Tennessee’s two U.S. senators, Lamar Alexander and Bob Corker, are both criticizing President Donald Trump’s tariffs on steel and aluminum imports that were announced Thursday.

Press release statement from Alexander:

“This is disappointing news for Tennessee workers. President Bush’s similar steel tariffs in 2002 backfired and proved that such tariffs destroy many more U.S. manufacturing jobs than they save. Last week, just the threat of steel tariffs caused Electrolux, Europe’s largest home appliance manufacturer, to put on hold a $250 million expansion in Springfield, Tennessee, even though 100% of the steel Electrolux uses is produced in the United States. According to Electrolux, tariffs on imported steel raise prices on all steel sold in the United States and make it more difficult for U.S.-based manufacturing plants to compete with foreign manufacturers.”

Alexander spoke on the Senate floor Monday about the effect these tariffs would have on Tennessee, saying: “This is especially bad news for Tennesseans because one third of our state’s manufacturing jobs are auto jobs with more than 900 plants in 87 of our 95 counties. It will now be cheaper for some Tennessee auto parts suppliers to move outside the United States, buy steel and aluminum there and then ship finished parts back to our country.”
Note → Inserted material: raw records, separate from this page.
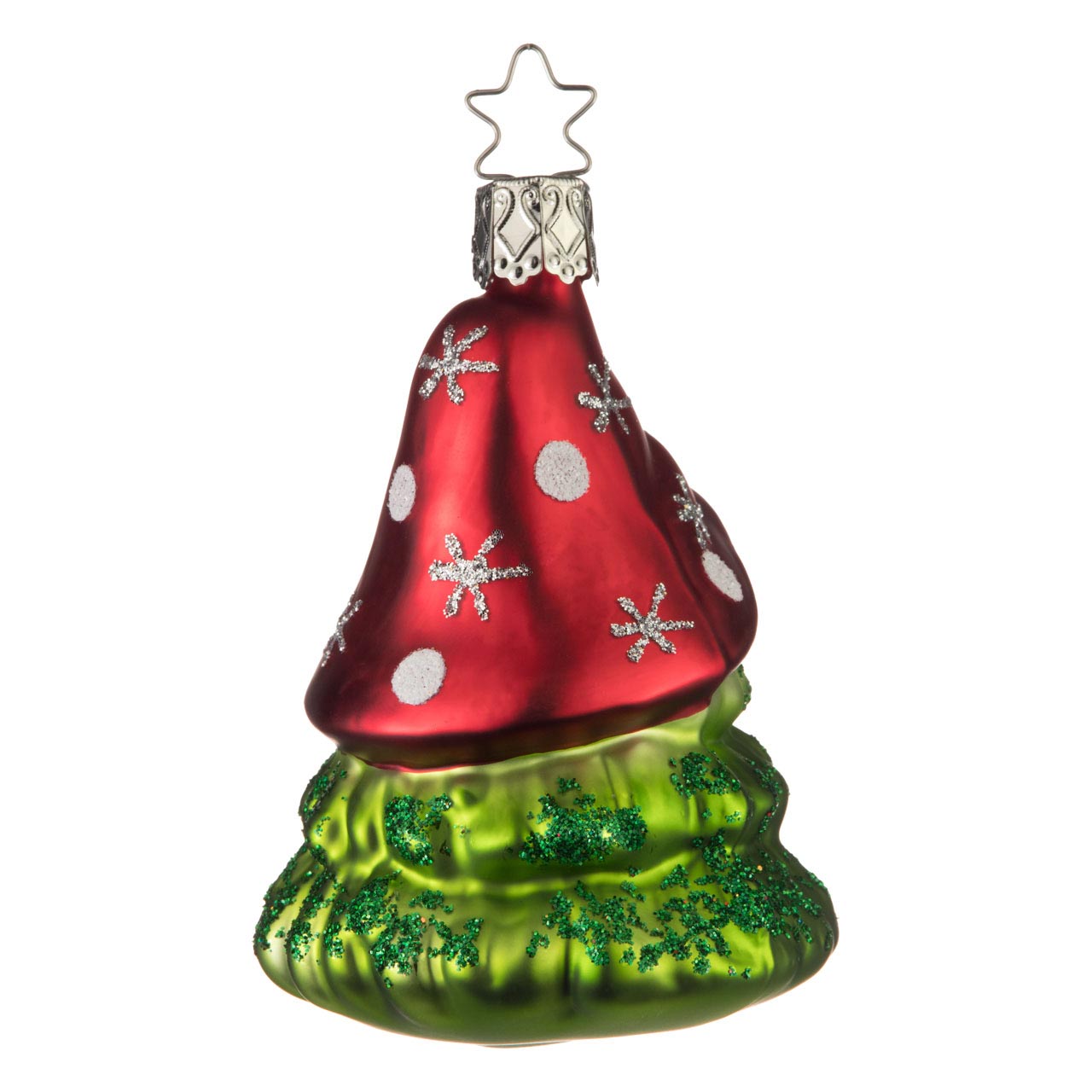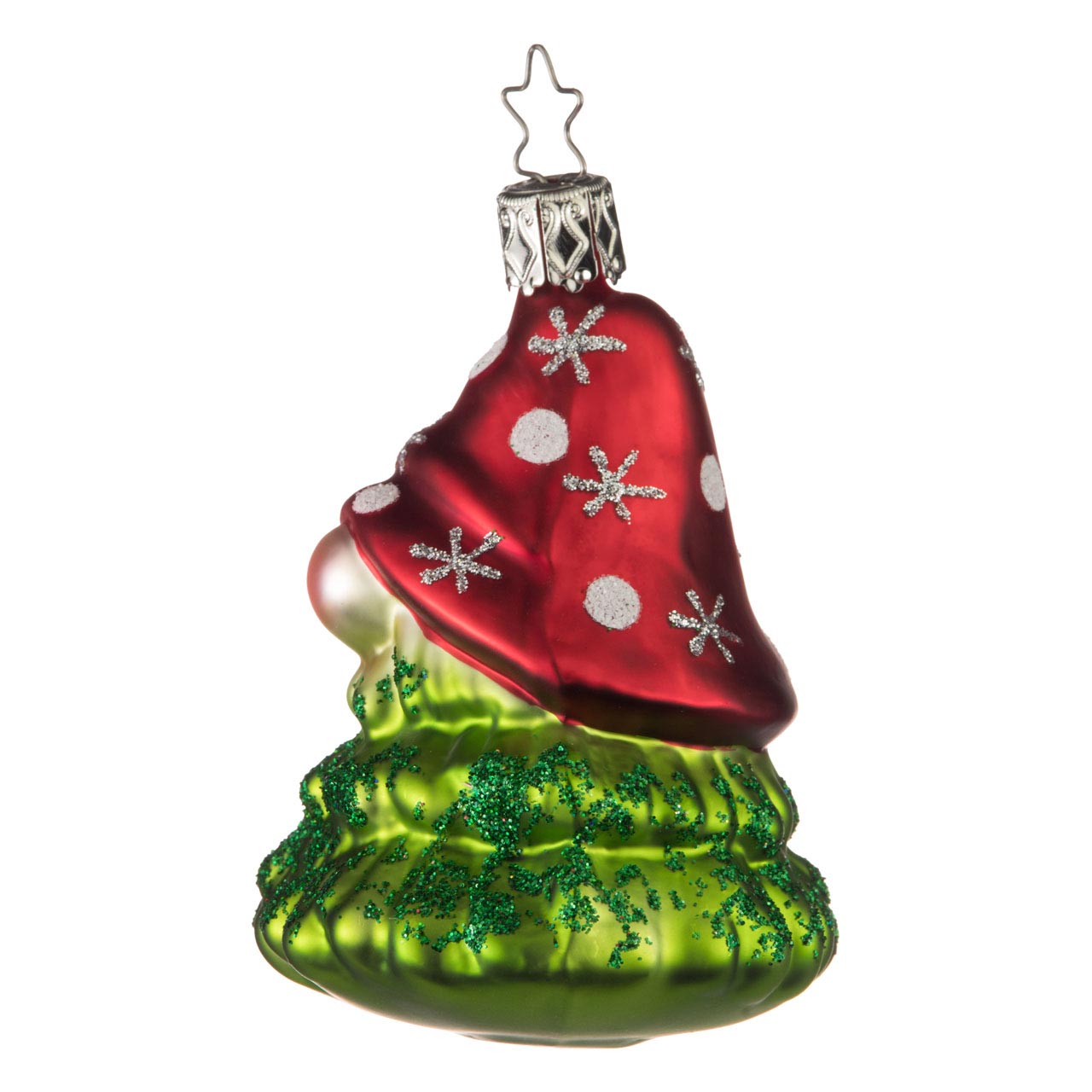 Because the creature just looks funny, funny, absolutely cute. A fir tree clearly forms the foot, the base of the whole thing, which in turn can be seen as a light green, dark green glittered beard. The nose follows immediately above: skin-coloured, large and round. As the crowning glory? No, as a mezzanine, because on top is a large, Christmas red pointed cap, decorated not only with white dots but also glittering silver stars.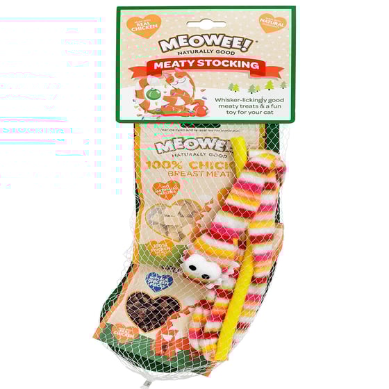 The meaty cat stocking is the ideal gift for your feline friend as it provides them with whisker-lickingly good meats and a fun toy for your cat.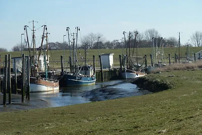 Seele baumeln lassen im Ferienhaus direkt hinterm Nordseedeich. Nordsee, Gastronomie, Spielplatz und Salzwiesen fußläufig erreichbar.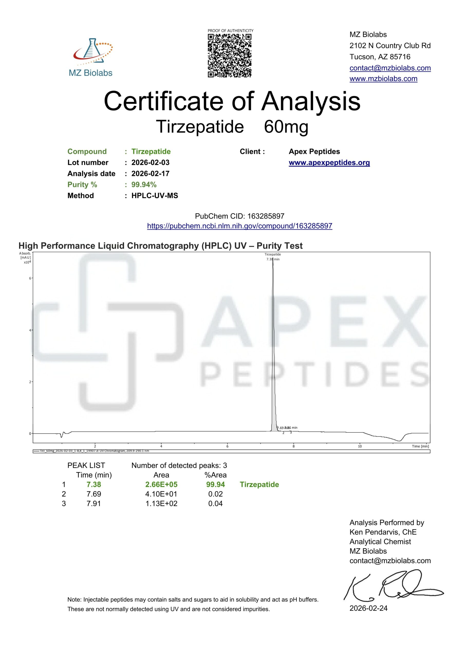 Apex Peptides is a US-based company specializing in 99%+ purity peptides for research use. We pride ourselves on our unwavering commitment to transparency and trust. Each peptide vial you purchase from us is linked to its batch’s Certificates of Analysis (COA) from independent third-party laboratories. These reports detail the results of the peptide you are holding in your hand, ensuring you have complete confidence in the purity and quality of the research peptides you receive. Our mission is your success in research.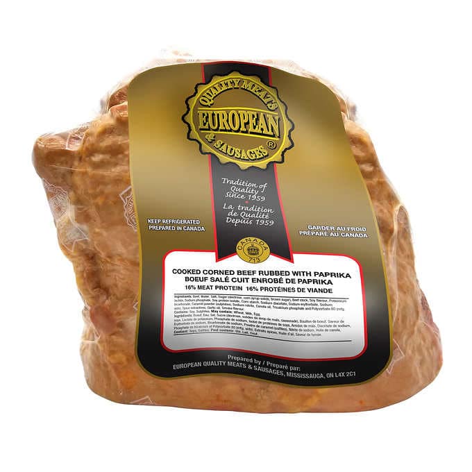 European Quality Meats- Cooked Corned Beef is a deli/deli meat with 16% meat protein, rubbed with paprika and must be kept refrigerated. The average weight of the product is 3.5kg.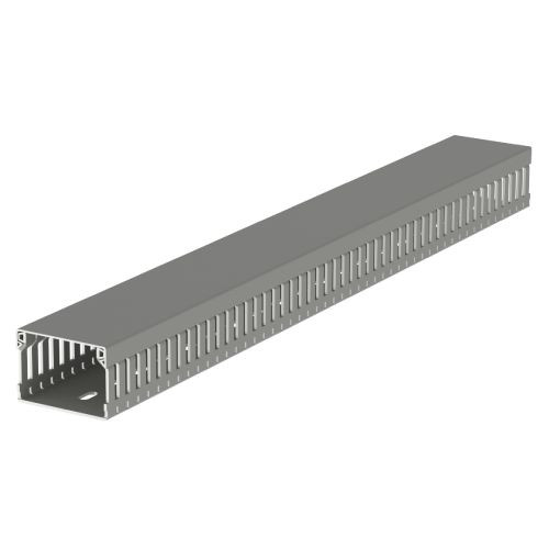 Für die Führung von Kabeln in Schalt- und Datenschränken. Montage auch bei hängender Installation möglich. Isolierendes Material. Lieferlänge: 2m. Farbe: grau. Sicherheit gegenüber Feuer: Glühdrahtversuch 960°C; nicht flammenausbreitend gemäß EN 50085-2-3:2010. Bequeme Installation und Wartung. Einfache Montage und Demontage des Deckels. Betriebssicherheit und Kostensenkung: ohne scharfe Kanten. Seitenlaschen mit großer Flexibilität und der Möglichkeit zum Biegen oder Ausbrechen. Die Seitenlaschen verletzen weder Hände noch Kabel.

Press release statement from Corker:

“While I share the president’s concerns regarding Chinese steel overcapacity, I am disappointed by the administration’s approach to this problem and ultimate decision to use a rarely used national security provision to implement new tariffs on steel and aluminum imports,” said Corker. “A better way to level the playing field for American companies would be to rally our friends and allies to advance a robust, targeted effort to ensure that only those responsible for excess global capacity pay a price. Unfortunately, I fear this announcement could have far-reaching unintended consequences that will put at risk the hard fought economic gains U.S. businesses have seen over the past year. Hopefully, the president will come to realize this possibility and further narrow this announced policy.”
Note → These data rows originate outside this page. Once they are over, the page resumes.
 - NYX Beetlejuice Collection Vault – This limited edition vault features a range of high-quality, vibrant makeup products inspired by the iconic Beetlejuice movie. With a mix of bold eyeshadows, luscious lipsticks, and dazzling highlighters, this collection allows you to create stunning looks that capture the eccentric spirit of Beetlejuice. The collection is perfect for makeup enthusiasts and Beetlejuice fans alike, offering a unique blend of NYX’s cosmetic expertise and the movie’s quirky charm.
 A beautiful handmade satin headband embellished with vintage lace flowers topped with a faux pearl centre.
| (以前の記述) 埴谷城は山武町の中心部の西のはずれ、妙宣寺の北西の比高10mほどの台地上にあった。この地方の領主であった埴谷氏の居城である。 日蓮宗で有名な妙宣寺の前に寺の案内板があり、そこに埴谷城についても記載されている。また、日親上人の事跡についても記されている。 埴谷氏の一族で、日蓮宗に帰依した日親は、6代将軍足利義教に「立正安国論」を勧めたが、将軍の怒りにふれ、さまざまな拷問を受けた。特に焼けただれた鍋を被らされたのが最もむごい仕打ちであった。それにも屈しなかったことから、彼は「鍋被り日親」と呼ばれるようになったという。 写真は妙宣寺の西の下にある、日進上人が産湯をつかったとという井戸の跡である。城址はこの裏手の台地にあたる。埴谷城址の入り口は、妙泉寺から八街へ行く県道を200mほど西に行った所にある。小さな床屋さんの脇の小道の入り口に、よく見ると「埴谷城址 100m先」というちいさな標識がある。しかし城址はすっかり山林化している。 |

Press release statement from U.S. Senate candidate Phil Bredesen

“The tariffs on steel and aluminum that were signed today are a real problem for workers in Tennessee and their families. Broad tariffs are by their nature like taking a big axe to a problem that needs a scalpel — the blow may be aimed at a real problem but usually creates lots of other damage in the process.

Here in Tennessee, both LG in Clarksville and Electrolux in Springfield have put new investment and hiring on hold in anticipation of these tariffs. Jack Daniels in Lynchburg is concerned about being damaged by the tariffs that the EU is considering in retaliation to ours. Washington needs a time out. I would urge President Trump to bring together a bipartisan group to discuss this issue. I would also urge the President to make this group light on Washington political insiders and heavy on leaders in communities out across America who actually know how this works in the real world and have some skin in this game.”

U.S. Rep. Marsha Blackburn had no press release, but The Tennessean says she responded thusly when asked her views on the Trump tariffs:

“I think we have to tread very carefully as we look at tariffs,” Blackburn said… Blackburn said she is well aware that the state’s auto industry, as well as companies like Electrolux and LG, are concerned about the tariff proposal.

“You do not want to drive up the cost of consumer goods,” she said.

“You take a state like ours that has done well with in-sourcing jobs and also with our exports and what you don’t want to do is do anything that hurts the economic growth that we’ve seen.”

Blackburn said the tariff proposal should largely focus on what she called the top “offenders,” which she said included China.